Why Gmail SMTP works for NightOwl alerts
Three properties make Gmail a clean fit for low-volume alert delivery:
- Free. Up to 500 outbound emails per 24 hours on free Gmail; 2,000 on Workspace. Most Laravel apps fire 5-50 alerts per week.
- No domain verification. You authenticate as yourself, send from yourself. No SPF/DKIM setup, no warmup period, no postmaster questions.
- Standard SMTP. Plain port 587 + TLS — works from any host, in any container, with no provider-specific SDK.

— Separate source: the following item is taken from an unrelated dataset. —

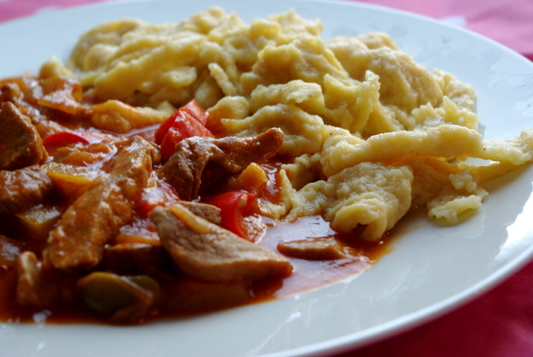 svinjina s papriko, ciganski vlivanci, skleda narabutane solate

Two catches worth knowing up front:
- Gmail's mail queue can delay alerts during incidents. Gmail SMTP accepts your message immediately, but Google queues outbound delivery on its side. Quiet periods: 5-15 seconds. Burst periods (which is exactly when you need alerts): 30 seconds to 2 minutes, sometimes longer if Gmail rate-limits. This is Gmail's queue, not NightOwl — the agent fires the alert the instant the issue is created. For guaranteed sub-10-second delivery, use Postmark or SendGrid instead. Both have free tiers.
- 500 emails/day cap on free Gmail. Sustained high alert volume hits the wall. In practice, NightOwl groups exceptions by fingerprint and only fires
issue.newonce per new fingerprint, so volume stays well under 500/day during normal incidents — but the cap exists.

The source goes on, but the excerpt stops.